» Exercise:
Without including the pictures, copy out every line below.

» Collected material:
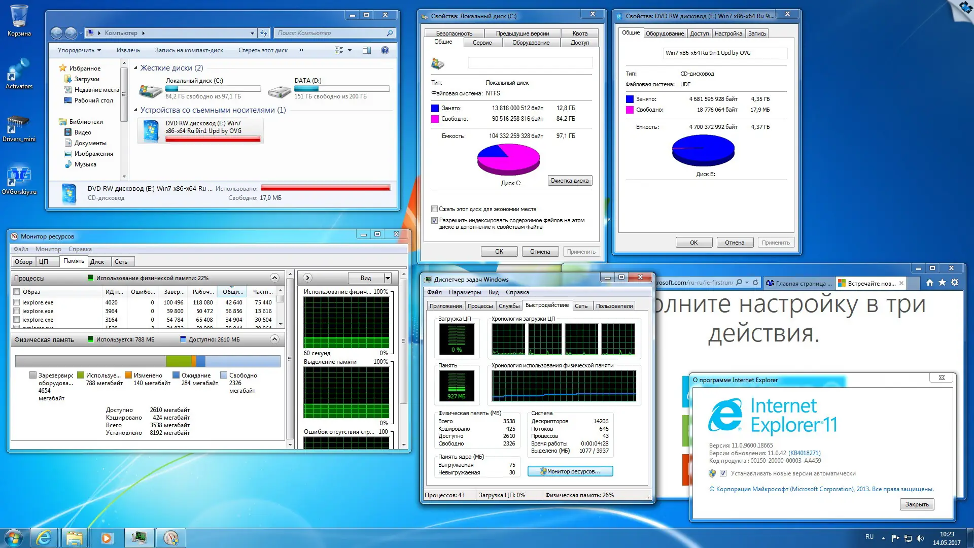 Оригинальные русские образы Windows 7 SP1 разных редакций и разрядностей на одном DVD. Сборка включает 9 версий ОС, включая Starter, Home Basic, Home Premium, Professional и Ultimate как для x86, так и для x64 систем. Установка производится вручную с выбором нужной редакции, содержит интегрированные обновления по май 2017 года, Internet Explorer 11, .NET Framework 4.7, Visual C++, Java и драйверы USB 3.0. Подходит для чистой установки с флешки или DVD, поддерживает установку на GPT-диски через UEFI. Максимум необходимого, ничего лишнего.
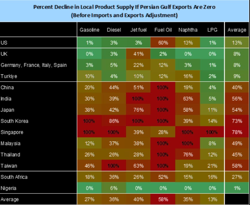 Interestingly, although the UK as very low oil reveres, they are not greatly exposed to the Hormuz closure, with the exception of Jet Fuel. The countries with the highest exposure are Asian countries, and most of them are exposed in a big way.
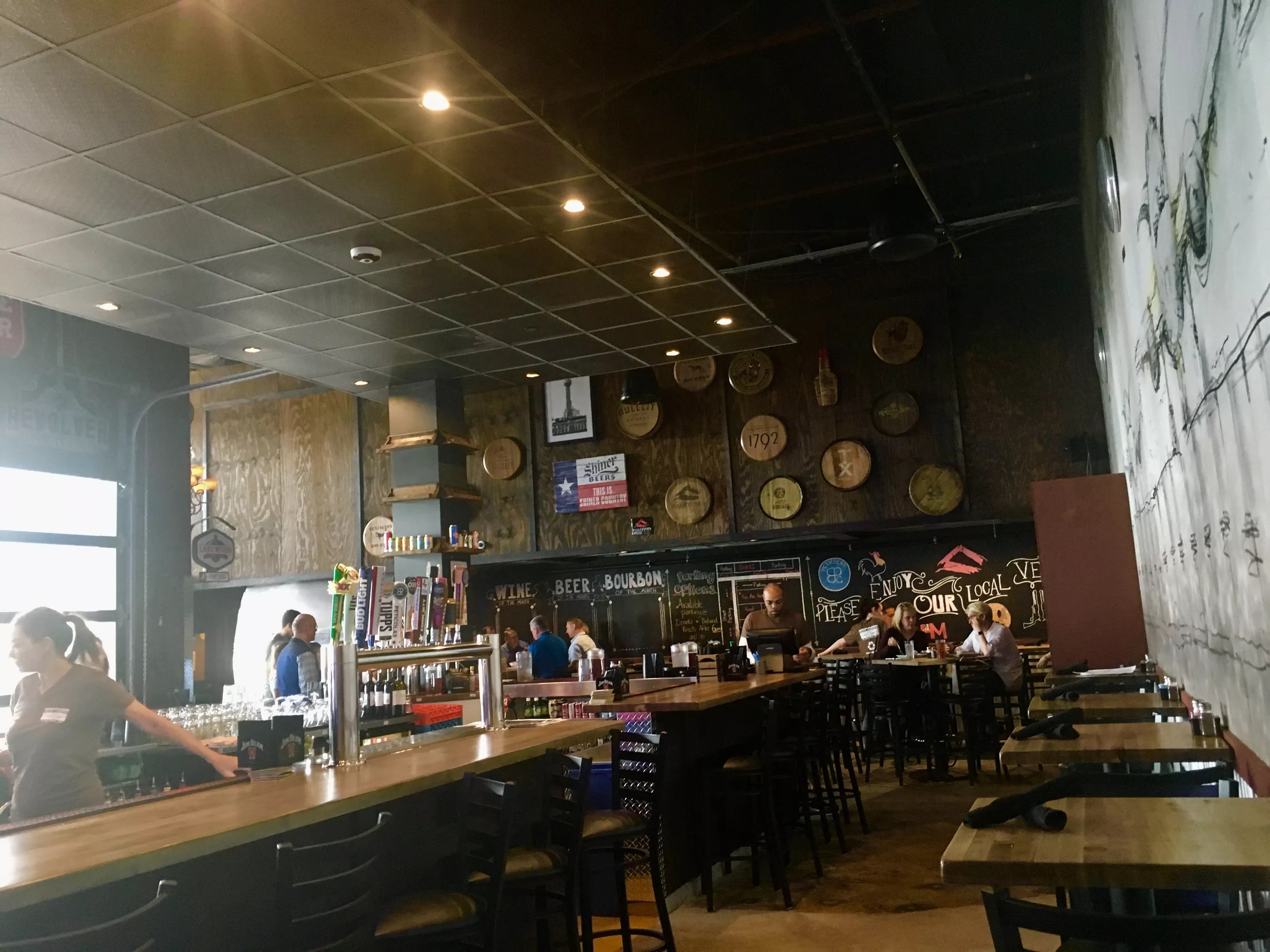 Below the wood wall is a chalkboard that announces Maple’s drinks: wine, beer and bourbon. The bar is an enormous “zero” shape, and cold beer arrives in Mason jars with handles. A wall-sized sketch is as big as the plane it’s depicting, a reminder that you’re a burnt ends-toss away from Love Field.
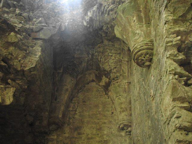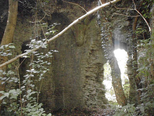 No stone buildings now remain visible on the motte and bailey site near Castle farm but the buildings referred to in 1262 may have stood there. Further masonry construction in 1286 probably refers to the present ruin on the tree-clad hill above. It is thought to have been still incomplete when Gilbert de Clare V was killed at the Battle of Bannockburn in 1314. However, the William’s family, who purchased the estate from the Crown in 1554 and erected a new house, had a garrison of 60 in the decayed castle in 1648 and its state may be the result of some slighting by Parliament.

» The completed task:
 Оригинальные русские образы Windows 7 SP1 разных редакций и разрядностей на одном DVD. Сборка включает 9 версий ОС, включая Starter, Home Basic, Home Premium, Professional и Ultimate как для x86, так и для x64 систем. Установка производится вручную с выбором нужной редакции, содержит интегрированные обновления по май 2017 года, Internet Explorer 11, .NET Framework 4.7, Visual C++, Java и драйверы USB 3.0. Подходит для чистой установки с флешки или DVD, поддерживает установку на GPT-диски через UEFI. Максимум необходимого, ничего лишнего.
 Interestingly, although the UK as very low oil reveres, they are not greatly exposed to the Hormuz closure, with the exception of Jet Fuel. The countries with the highest exposure are Asian countries, and most of them are exposed in a big way.
 Below the wood wall is a chalkboard that announces Maple’s drinks: wine, beer and bourbon. The bar is an enormous “zero” shape, and cold beer arrives in Mason jars with handles. A wall-sized sketch is as big as the plane it’s depicting, a reminder that you’re a burnt ends-toss away from Love Field.
 No stone buildings now remain visible on the motte and bailey site near Castle farm but the buildings referred to in 1262 may have stood there. Further masonry construction in 1286 probably refers to the present ruin on the tree-clad hill above. It is thought to have been still incomplete when Gilbert de Clare V was killed at the Battle of Bannockburn in 1314. However, the William’s family, who purchased the estate from the Crown in 1554 and erected a new house, had a garrison of 60 in the decayed castle in 1648 and its state may be the result of some slighting by Parliament.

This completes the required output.